Лежа в балагане, на широких полатях, я долго не мог заснуть, хотя устал страшно. В открытые двери балагана мне видна была вся площадка, освещенная двумя кострами. Недалеко бродили по траве спутанные лошади, тяжело падая на передние ноги при каждом прыжке. Где-то ухнул филин и замолк; ночная птица шарахнулась над самым огнем и заставила Савку обругаться. «О, будь ты проклята, некошная! — ругался он за свой испуг. — Эк ее взяло, проклятущую…» Иван Васильич, похлебав из горшочка охотничьего варева, облизал ложку, вытер усы и, сняв кожаную фуражку, помолился на восток.

— Ну, что у вас на Кособродском? — спрашивал Савка, раскуривая бумажный крючок.

— Да чего тебе нового-то… Дровосушки закрыли. Наладили новую печь, Сименсом зовут, труба высоченная, ну, так эта печь сырые дрова-то жрет. Слышь, щепам да корьем можно топить… Девкам теперь на дровосушных печах никакой работы не стало, а только которы еще поденщиной перебиваются.

— А будь они от меня трижды прокляты, эти дровосушные печи! — азартно проговорил Савка, бросая окурок в траву.

— Не забыл разе еще Анки-то? Ах ты, пес тебя возьми… ишь ведь… а?.. Экой у тебя харахтер, Савка… чистый ты дьявол, ежели разобрать… а?

— Хуже дьявола, потому как…

Савка не докончил речи и начал крутить новый крючок.

III править

Мне пришлось познакомиться с Савкой в лесу, на охоте около глухой деревушки Студеной. Дело было осенью, под вечер, когда нужно было позаботиться о ночлеге.

— Пойдем, барин, ко мне, заночуем… — предложил Савка. — Я в Студеной живу…

Вероятно, многим случалось пользоваться такими любезными приглашениями, а затем на поверку оказывалось, что у гостеприимного хозяина изба полна ребят и жена хуже черта.

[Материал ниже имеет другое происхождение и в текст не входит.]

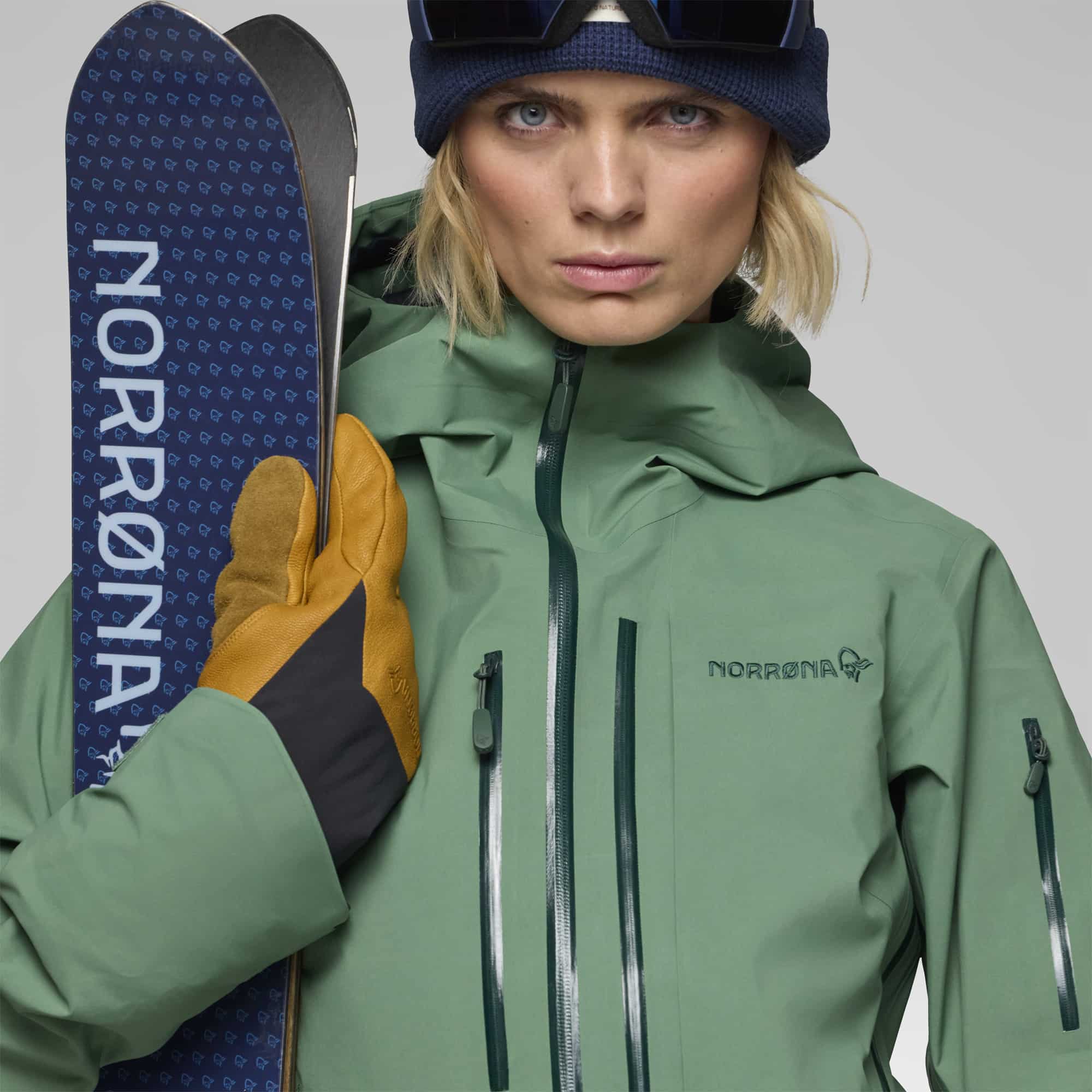 Die Norrøna Lofoten GORE‑TEX Pro Jacke ist eine extrem robuste Freeride-Shell für Damen mit einer langlebigen 3-lagigen GORE-TEX Pro-Membran, die wasserdicht (28.000 mm), winddicht und hoch atmungsaktiv ist. Die ePE-Membran ist besonders leicht, pflegt eine lange Lebensdauer und kommt ganz ohne PFAS aus. Belüftungsreißverschlüsse unter den Armen und an der Brust sorgen für gezielte Luftzufuhr, während die einhändig verstellbare Kapuze über einen Helm passt. Weitere praktische Features sind asymmetrische Ärmelabschlüsse mit Klett, integrierte Handgamaschen, ein abtrennbarer Schneefang und mehrere Taschen (Napoleon-, Schlüsseltaschen). Der technische Schnitt mit vorgeformten Ellbogen und verlängertem Rückenteil bietet maximale Bewegungsfreiheit bei alpinen Einsätzen.

Вид Савки говорил не в его пользу, и я колебался принять его предложение.

— Да ты чего, барин, сумлеваешься? — заговорил Савка, угадывая мою мысль. — Я в своем дому хозяин, не сумлевайся… Верно тебе говорю!.. У меня избушка теплая, самовар оборудуем…

Мы отправились. Деревушка Студеная была недалеко от золотых промыслов, и нам приходилось тащиться в кромешной тьме верст пять, рискуя каждую минуту свалиться куда-нибудь в шахту. Я вполне положился на охотничью опытность Савки и брел за ним ощупью. Наконец показалась и Студеная. Избушка Савки стояла на самом краю и была без ворот и двора; ход в нее шел прямо с улицы. В избе огня не было; нас встретила высокая здоровенная баба, которая сначала обыскала карманы и пазуху Савки, а потом принялась ругаться.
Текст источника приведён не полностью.